Clinical studies have shown that a 15-minute administration of Tocosol Paclitaxel at a 175 mg/m2 dose results in patients receiving almost 70 percent more exposure to free paclitaxel than those receiving a three-hour administration of Taxol at the same dose. The greater intensity could translate into better efficacy. Phase II data from more than 200 patients suggested Tocosol Paclitaxel is well tolerated with a favorable side effect profile.

The administration time is shorter than that of another paclitaxel product, Abraxane, which gained FDA approval in January for breast cancer. Infused over 30 minutes, the product's response rate is almost double that of Taxol. Its developer, American Bioscience Inc., of Santa Monica, Calif., expects net sales of between $125 million and $155 million in 2005. (See BioWorld Today, Jan. 11, 2005.)

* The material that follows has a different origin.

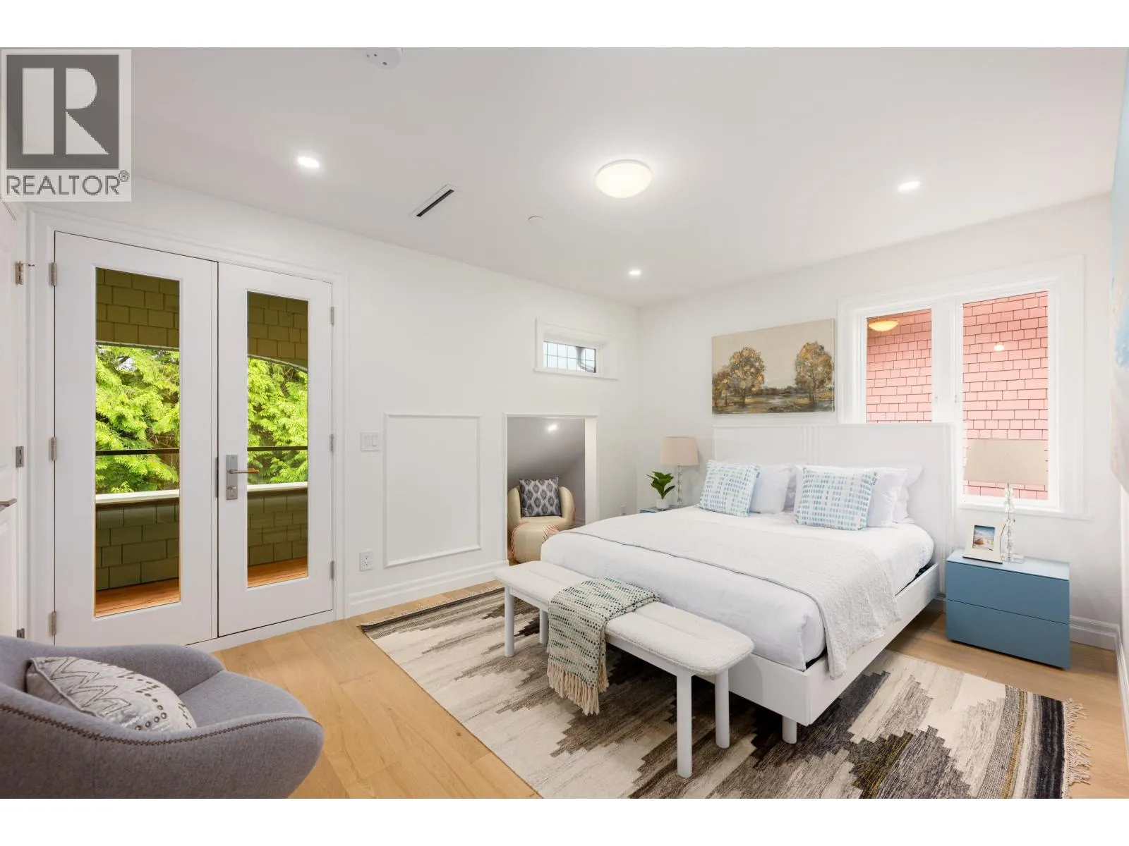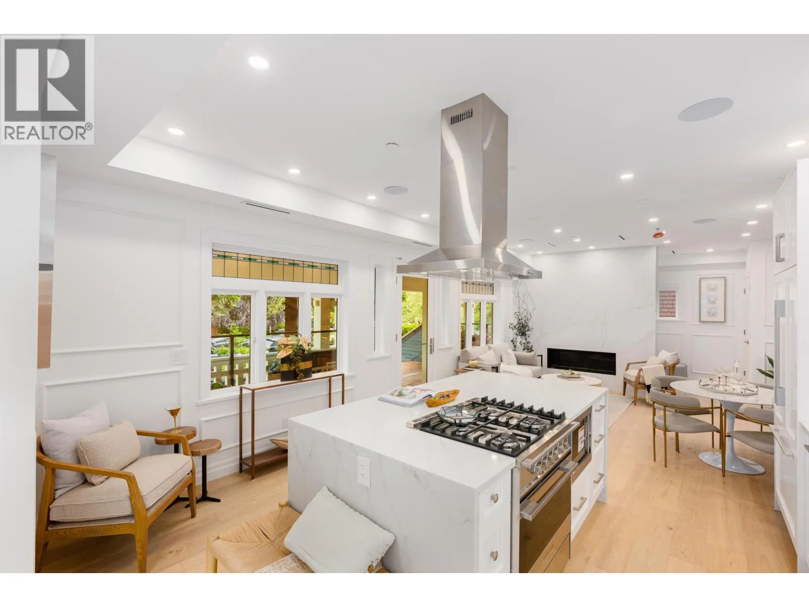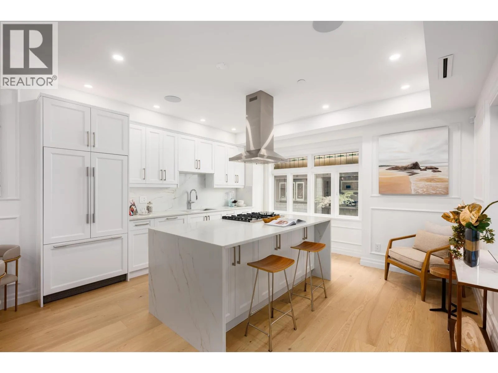 Welcome to this flagship front-facing home at the newly completed Morrison Residence. Ideally located less than a block from the Arbutus Greenway, and just steps to groceries, public transit, and every Kitsilano essential. This 1,774 square ft brand new 3-level home blends heritage character with modern comfort, featuring a gourmet kitchen with Fisher & Paykel and Miele appliances, A/C, and a beautiful front patio perfect for entertaining. Upstairs offers 2 spacious bedrooms and 2 baths, including a luxe primary ensuite. The lower level includes a large bedroom with full bath and private entry. Enjoy a built-in sound system and smart home features with remote access to select lighting, alarm, and cameras. EV-ready covered garage, additional storage, and 2-5-10 year home warranty (id:27476)

Sonus is not giving any market projections for Tocosol Paclitaxel, but the product would tap into the worldwide taxane market, which is "greater than $2.5 billion and is estimated to be growing at 15 percent a year," Martino said.

Tocosol Paclitaxel, a vitamin E-based emulsion formulation, is cremophor-free, which allows for shorter infusion times and might improve patient tolerability, reducing treatment-limiting side effects. Taxol, however, is dissolved in the solvent Cremophor-EL. In addition to causing neutropenia and other allergic reactions, solvents can leach plasticizers from the standard IV tubing and might minimize antitumor activity by trapping the active compound in the bloodstream.

An ongoing Phase II study of Tocosol Paclitaxel in metastatic breast cancer has shown an objective response rate of 53 percent in 47 patients. Updated results will be presented in December at the San Antonio Breast Cancer Symposium. "We think that the remaining development risk with this product is relatively low," Martino said, "given that what we have done is applied a novel delivery technology with an active ingredient that is well-known and well-studied."

Other Phase II studies of Tocosol Paclitaxel have shown objective response rates of 21 percent in 42 non-small-cell lung cancer patients, 33 percent in 27 bladder cancer patients, and 39 percent in 51 ovarian cancer patients.

Aside from Tocosol Paclitaxel, Sonus is applying its delivery technology to a family of camptothecin analogues, which could enter clinical studies early next year.

"This deal with Schering does give us the ability to now allocate some resources to that initiative," Martino said.